Activity: Retype all data exactly as given. Pictures should not be retyped.

Data below:
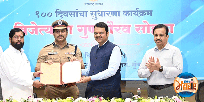 Jalgaon district ranks third in the state in office reforms ; District Collector and Superintendent of Police felicitated by the Chief Minister जळगाव (7 मे 2025) : राज्य शासनाच्या 100 दिवसांच्या विशेष कार्यालयीन सुधारणा मोहिमेत उल्लेखनीय कामगिरी बजावत जळगाव जिल्ह्याने राज्यात तिसरा क्रमांक पटकावला आहे. या यशाबद्दल जिल्हाधिकारी आयुष प्रसाद आणि जिल्हा पोलीस अधीक्षक डॉ. महेश्वर रेड्डी यांचा मंत्रालयात मुख्यमंत्री देवेंद्र फडणवीस आणि उपमुख्यमंत्री एकनाथ शिंदे यांच्या हस्ते गौरव करण्यात आला. याप्रसंगी राज्य मंत्रिमंडळातील मंत्री, जळगाव जिल्ह्याचे पालक सचिव तथा महसूल विभागाचे अपर मुख्य सचिव राजेशकुमार, प्रधान सचिव, सचिव, विविध विभागांचे वरिष्ठ अधिकारी उपस्थित होते.
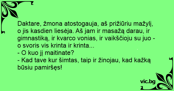 Daktare, žmona atostogauja, aš prižiūriu mažylį, o jis kasdien liesėja. Aš jam ir masažą darau, ir gimnastiką, ir kvarco vonias, ir vaikščioju su juo - o svoris vis krinta ir krinta...
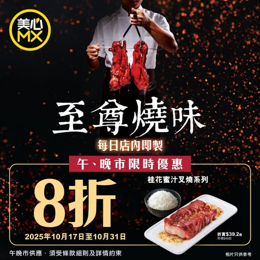 【美心MX限時折優惠】桂花蜜汁叉燒系列午、晚市嚟美心MX嘆「桂花蜜汁叉燒系列」,即享超抵限時折優惠!桂花蜜汁叉燒.白飯桂花蜜汁叉燒雙拼.白飯午市配茶/啡 或 單點 (折實$39.2起,原價$49起)晚市 配燉湯 或 老火湯 (折實$47.2起,原價$59起)每日店內即製熱辣辣「桂花蜜汁叉燒」即刻約埋親朋好友一齊嚟嘆啦!優惠期:2025年10月17日至10月31日適用分店:全線美心MX分店供應 (大會堂、西九龍站及大學站分店除外) 溫馨提示:優惠詳情請參閱店內宣傳品,不適用於自助點餐機及手機點餐及不可與其他優惠同時使用!
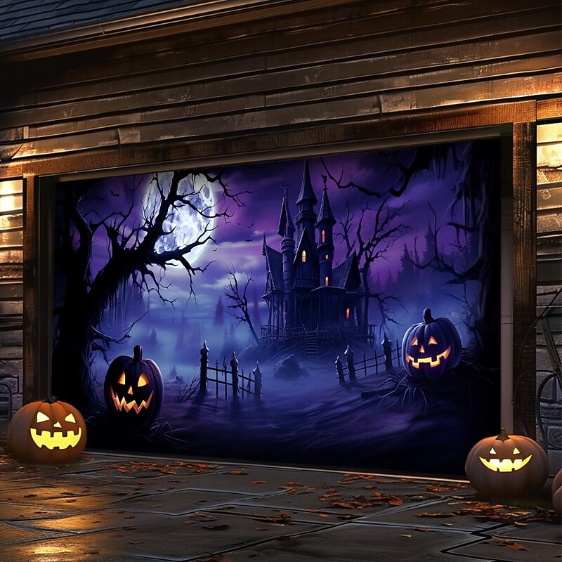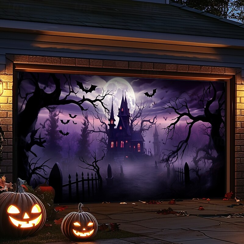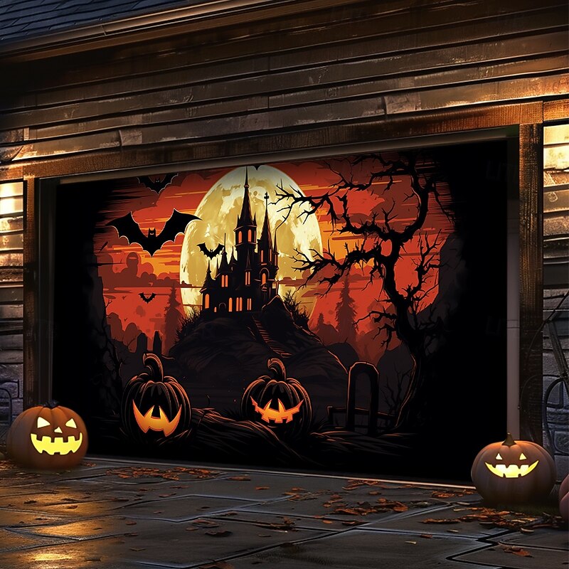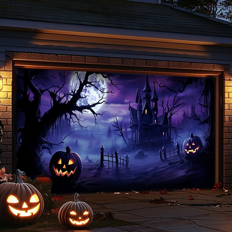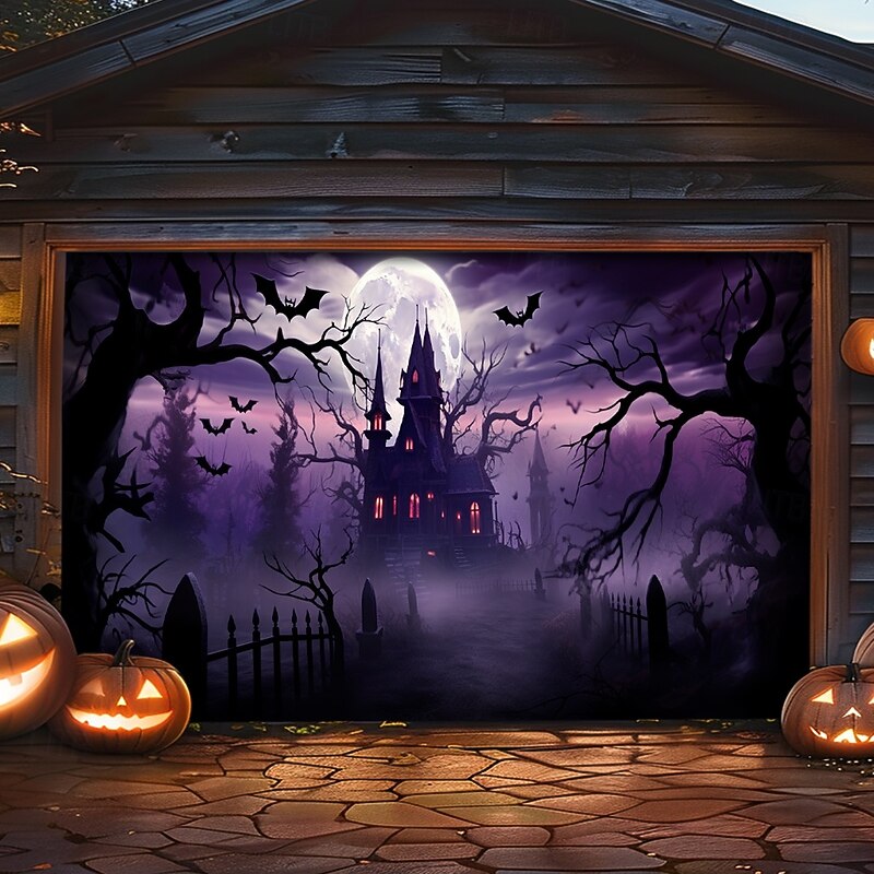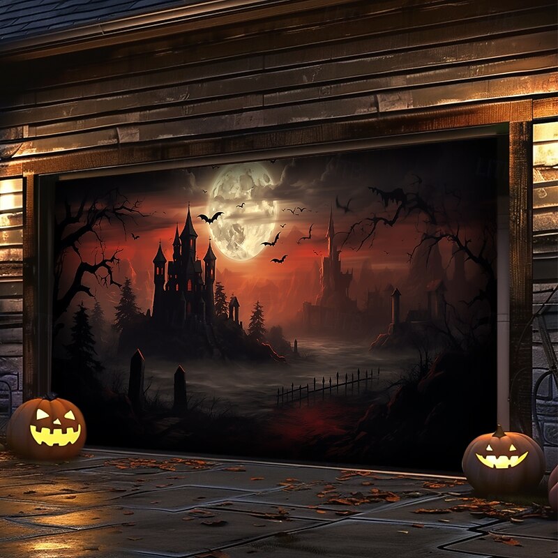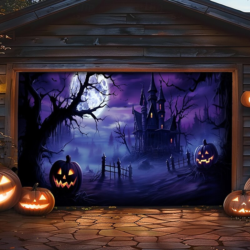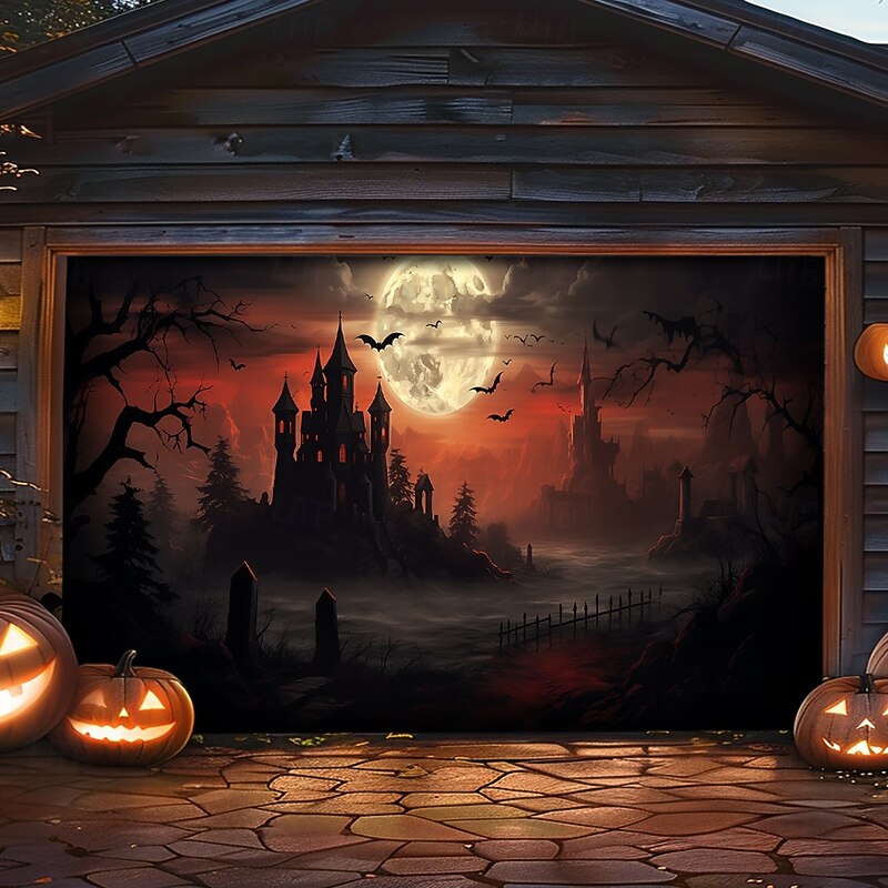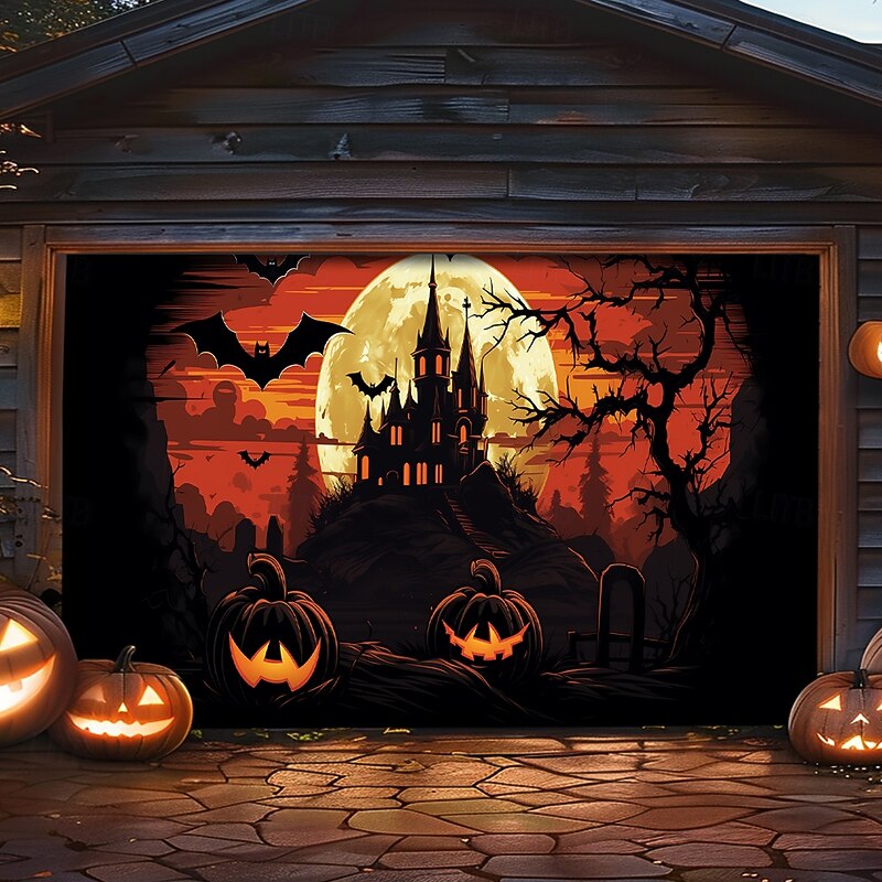 : Perfect for outdoor use on garages, large walls, or any broad surface, this tapestry adds a festive and spooky flair to your Halloween setup.

Answer to this exercise:
 Jalgaon district ranks third in the state in office reforms ; District Collector and Superintendent of Police felicitated by the Chief Minister जळगाव (7 मे 2025) : राज्य शासनाच्या 100 दिवसांच्या विशेष कार्यालयीन सुधारणा मोहिमेत उल्लेखनीय कामगिरी बजावत जळगाव जिल्ह्याने राज्यात तिसरा क्रमांक पटकावला आहे. या यशाबद्दल जिल्हाधिकारी आयुष प्रसाद आणि जिल्हा पोलीस अधीक्षक डॉ. महेश्वर रेड्डी यांचा मंत्रालयात मुख्यमंत्री देवेंद्र फडणवीस आणि उपमुख्यमंत्री एकनाथ शिंदे यांच्या हस्ते गौरव करण्यात आला. याप्रसंगी राज्य मंत्रिमंडळातील मंत्री, जळगाव जिल्ह्याचे पालक सचिव तथा महसूल विभागाचे अपर मुख्य सचिव राजेशकुमार, प्रधान सचिव, सचिव, विविध विभागांचे वरिष्ठ अधिकारी उपस्थित होते.
 Daktare, žmona atostogauja, aš prižiūriu mažylį, o jis kasdien liesėja. Aš jam ir masažą darau, ir gimnastiką, ir kvarco vonias, ir vaikščioju su juo - o svoris vis krinta ir krinta...
 【美心MX限時折優惠】桂花蜜汁叉燒系列午、晚市嚟美心MX嘆「桂花蜜汁叉燒系列」,即享超抵限時折優惠!桂花蜜汁叉燒.白飯桂花蜜汁叉燒雙拼.白飯午市配茶/啡 或 單點 (折實$39.2起,原價$49起)晚市 配燉湯 或 老火湯 (折實$47.2起,原價$59起)每日店內即製熱辣辣「桂花蜜汁叉燒」即刻約埋親朋好友一齊嚟嘆啦!優惠期:2025年10月17日至10月31日適用分店:全線美心MX分店供應 (大會堂、西九龍站及大學站分店除外) 溫馨提示:優惠詳情請參閱店內宣傳品,不適用於自助點餐機及手機點餐及不可與其他優惠同時使用!
 : Perfect for outdoor use on garages, large walls, or any broad surface, this tapestry adds a festive and spooky flair to your Halloween setup.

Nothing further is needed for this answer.